## Task inputs
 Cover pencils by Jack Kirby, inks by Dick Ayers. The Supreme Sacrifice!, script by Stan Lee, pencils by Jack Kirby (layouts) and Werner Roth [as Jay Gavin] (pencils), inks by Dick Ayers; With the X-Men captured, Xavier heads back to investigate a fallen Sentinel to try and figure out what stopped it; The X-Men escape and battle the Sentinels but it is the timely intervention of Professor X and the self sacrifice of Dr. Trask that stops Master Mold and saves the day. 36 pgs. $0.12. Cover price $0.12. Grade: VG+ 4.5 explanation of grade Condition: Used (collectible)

* * *

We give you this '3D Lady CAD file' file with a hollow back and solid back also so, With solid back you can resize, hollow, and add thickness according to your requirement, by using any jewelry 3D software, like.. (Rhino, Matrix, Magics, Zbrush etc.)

--

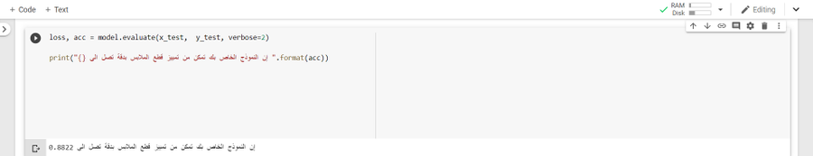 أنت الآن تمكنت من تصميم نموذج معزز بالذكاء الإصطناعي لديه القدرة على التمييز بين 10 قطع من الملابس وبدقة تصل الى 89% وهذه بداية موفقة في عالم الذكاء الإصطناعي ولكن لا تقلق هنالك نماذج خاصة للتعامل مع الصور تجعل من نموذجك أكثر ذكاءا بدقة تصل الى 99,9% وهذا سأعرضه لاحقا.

## Goal of the exercise
Using the records above, report each line with the string "back".

## Solution for this problem
 Cover pencils by Jack Kirby, inks by Dick Ayers. The Supreme Sacrifice!, script by Stan Lee, pencils by Jack Kirby (layouts) and Werner Roth [as Jay Gavin] (pencils), inks by Dick Ayers; With the X-Men captured, Xavier heads back to investigate a fallen Sentinel to try and figure out what stopped it; The X-Men escape and battle the Sentinels but it is the timely intervention of Professor X and the self sacrifice of Dr. Trask that stops Master Mold and saves the day. 36 pgs. $0.12. Cover price $0.12. Grade: VG+ 4.5 explanation of grade Condition: Used (collectible)
We give you this '3D Lady CAD file' file with a hollow back and solid back also so, With solid back you can resize, hollow, and add thickness according to your requirement, by using any jewelry 3D software, like.. (Rhino, Matrix, Magics, Zbrush etc.)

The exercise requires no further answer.